The Ch’an (Zen) insight expressed in the well-known and variously translated “hsin hsin ming” is also “not-two,” an instant recognition of the impossibility of duality and boundaries.
The sudden Dzogchen shout “PHAT!” startles and instantly shatters the apparent formation of mind-objects; it’s a flash/recognition of the falseness of duality and thingness.
The nondual Shin Buddhist phrase namu-amida-butsuis also a recognition—a recognition of the impossibility of permanence, of fixed objects, of a true separate self in reality.
The formation of the illusory or limited self is like a whirlpool of water in the ocean; the whirlpool (aka, ocean water) is not cured or eliminated; it is, itself, recognized as impermanence!
These apparently disparate teachings tell us essentially the same thing. They all point to the living Dharma in (as) us, and they work to bust it out of the dungeons our minds have created—in our heads, our hearts, our guts, our tenseness. No, they expose the dungeons as void.
The living Dharma—the “light”—pours out of us, despite us. We thought we were recipients but we’re source!

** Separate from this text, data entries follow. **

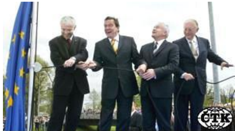
Vlajku Evropské unie vztyčují (zleva) Vladimír Špidla, Gerhard Schröder, Leszek Miller a Günter Verheugen, kteří ještě před odjezdem na summit v irském Dublinu 1. května oslavili rozšíření EU v česko-polsko-německém Trojmezí mezi Hrádkem nad Nisou, Žitavou a Bogatyní.
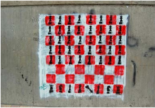
Bilde 5: Ned med kongen! av el-Teneen.

oppsummerer folkekravene på en svært direkte måte.
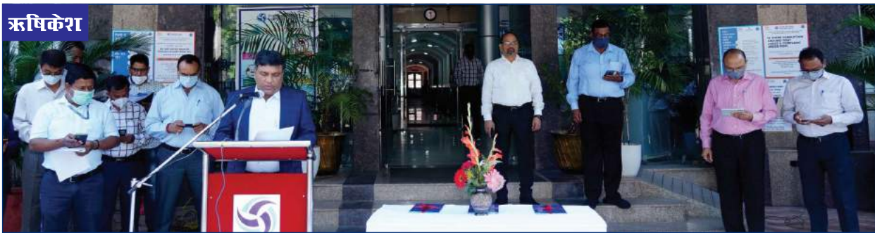
सतर्कता जागरूकता सप्ताह के शुभारंभ के दौरान शपथ ग्रहण का दृश्य
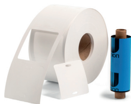
Комплект «Бирка-рибон» для маркировки кабеля
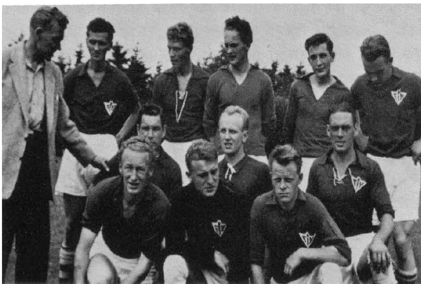
Klubbens førstehold i 1958.

som lå samme sted, som vores nuværende klubhus ligger. Selv med det nye klubhus var alt ikke udelukkende fryd og gammen. I 1958 var klubbens medlemstal nede på 84, og klubben havde økonomiske udfordringer. Det kom så vidt, at DAI truede med at lukke klubben ned pga. klubbens gæld. Det kom dog heldigvis aldrig så vidt.
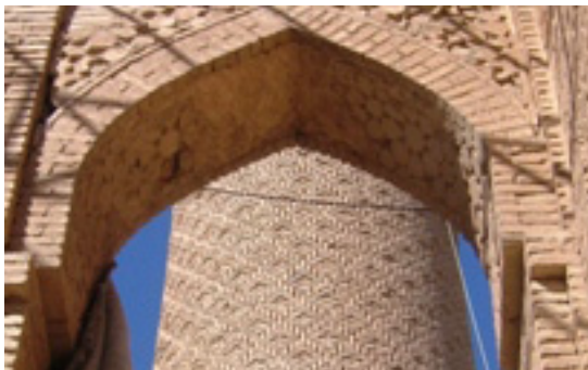
تصویر ۱۰. اجرای چانه یا لغاز (نگارندگان)

چگونگی تیزه، میزان خیز و همچنین از منظر ریخت و فرم دسته‌بندی نمود.
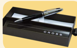
尊貴名筆一枝 (價值$250)
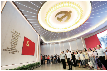
2021年6月3日，党员在全新开放的上海中共一大纪念馆里重温入党誓词。
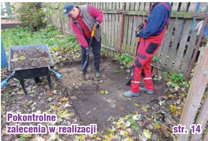
Pokontrolne zalecenia w realizacji
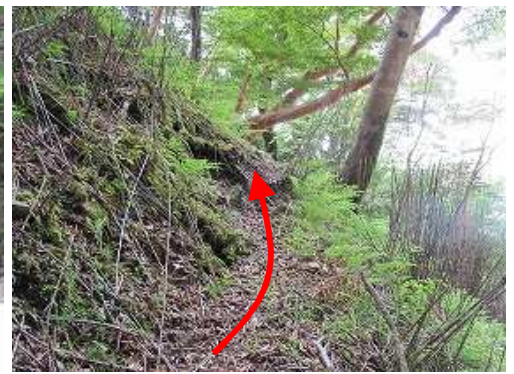
左岸斜面を斜上する。
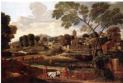
تصویر ۶: نیکولا پوسن، تدفین فوسیون، ۱۶۴۸، تقریباً ۱۱۸ در ۱۷۵ سانتی‌متر، موزه لوور، پاریس (منبع تصویر: گاردنر، ۱۳۸۶، ص. ۵۳۵).

پوسن در یادداشت‌هایی که به نظر می‌رسد برای تکمیل رساله‌ای درباره نقاشی از خود بر جای گذاشته است، «شیوه بزرگ» کلاسیسیسم را مختصراً توضیح داده است. او می‌گوید: هنرمند، در درجه اول باید موضوعات پراهمیت و بزرگ را برگزیند: «... اولین شرط لازم، آن است که داستان و موضوع، بزرگ باشند مانند کارهای قهرمانان، نبردها و موضوعات مذهبی». از پرداختن به جزئیات بی‌اهمیت و موضوعات کوچک، مانند حوادث روزمره زندگی باید خودداری کند: «آنان که موضوعات کوچک را برمی‌گزینند، به علت ضعف استعدادهاشان به این موضوع‌ها پناه می‌برند». پوسن یونانیان باستان را به علت «مدهای ۲۹ موسیقی‌شان می‌ستاید و می‌گوید که آنان به کمک این مدها، نواهای شگفت‌انگیزی می‌آفریدند». او معتقد بود که این واژه، جوهر و چکیده نظرات هنر کلاسیک فرانسه را بیان می‌کند (گاردنر، ۱۳۸۶، ص. ۵۳۴).
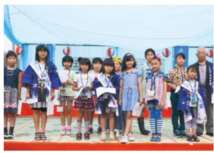
「ほたる娘」コンテスト
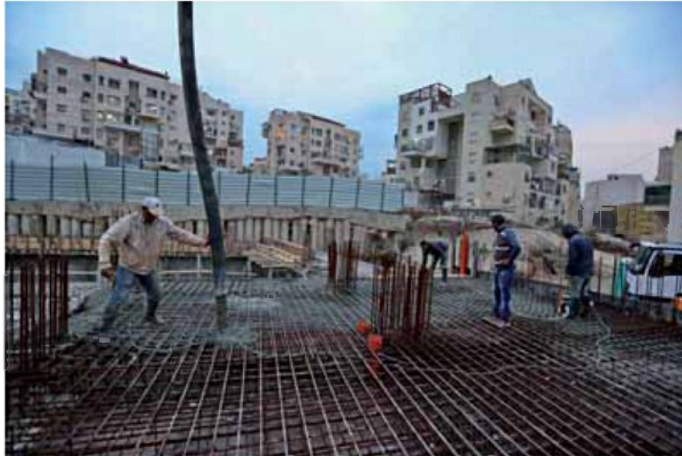
הממשלה לא תתחשב במחלוקת הנוקבת עם התעשיינים המקומיים. אתר בנייה (אילוסטרציה)

מה חושבים עורכי המחקר על היוזמה להבאת פועלים סיניים לישראל? לדברי פרופ' בנטור, אסור לשכוח שמדובר בפתרון זמני. "צריך לבחון את הדברים בשני טווחי זמן. בממשלה מתמקדים מאוד, ובצדק מבחינתם, בבנייה מהירה באמצעות יבוא עובדים וחברות. זה פתרון קל, שעונה על הלחץ הפוליטי והציבורי. אנחנו לא אומרים לא לזה. אנחנו מדברים על ניסיון לקחת אלף דירות מתוך 60-70 אלף דירות שרוצים לבנות, ולבנות

The jail-bars are mirages created by our own well-trained (ill-trained) bodyminds, but they only sustain the appearance of solidity for the duration of our active insistence that they exist. Upon recognition, that insistence loses its fuel, its force. The bars are gone. They were always gone.
Nisargadatta’s nothingness is Zen’s emptiness is Dzogchen’s spaciousness is Shin’s impermanence. All of which are the living Dharma, the “Pure [flowing] Land” that (metaphorically) pours from, not to, our hearts through recognition of the error of the presumption of permanence.
Through the error? This is, in a sense, a negative view: we recognize, in a flash, our chronic coil and recoil in the face of this flowing reality. We doubt that this ungraspability is safe. We fear it because we are trained to see the death of the separate (illusory) self as a real death—but it’s life!
This is non-theistic. It doesn’t appeal to believers in fixed self, soul, God, and afterlife.
With the honorable exception of Nisargadatta, this is the Mahayana Buddhist view (if labels are necessary). Shakyamuni didn’t talk about God, he talked about self-examination and the recognition of self-caused suffering.
Impermanence (nothingness, emptiness, spaciousness…reifications all) is inescapable reality. We doubt that and suffer. We fear it instead of trust it. But recognition of that doubt and fear, and the fist-like constriction it forms in our bodyminds, is itself “true entrusting.” In other words, recognition (confession) of failure is success! Initially this is hard to accept, but sooner or later our ingrained view shows itself to be absurd and painful. In that sense, the error is the teacher.
When the perfect freedom of impermanence confronts us—in a flash—we chill out; it's as if we exhale all the falsehoods we’ve been clinging to.
And, as Nisargadatta said, “this must go on all the time.”
“Yes” pushes against the “no” wall.
This wall feels like an outside force pushing back but it’s just doubt and fear.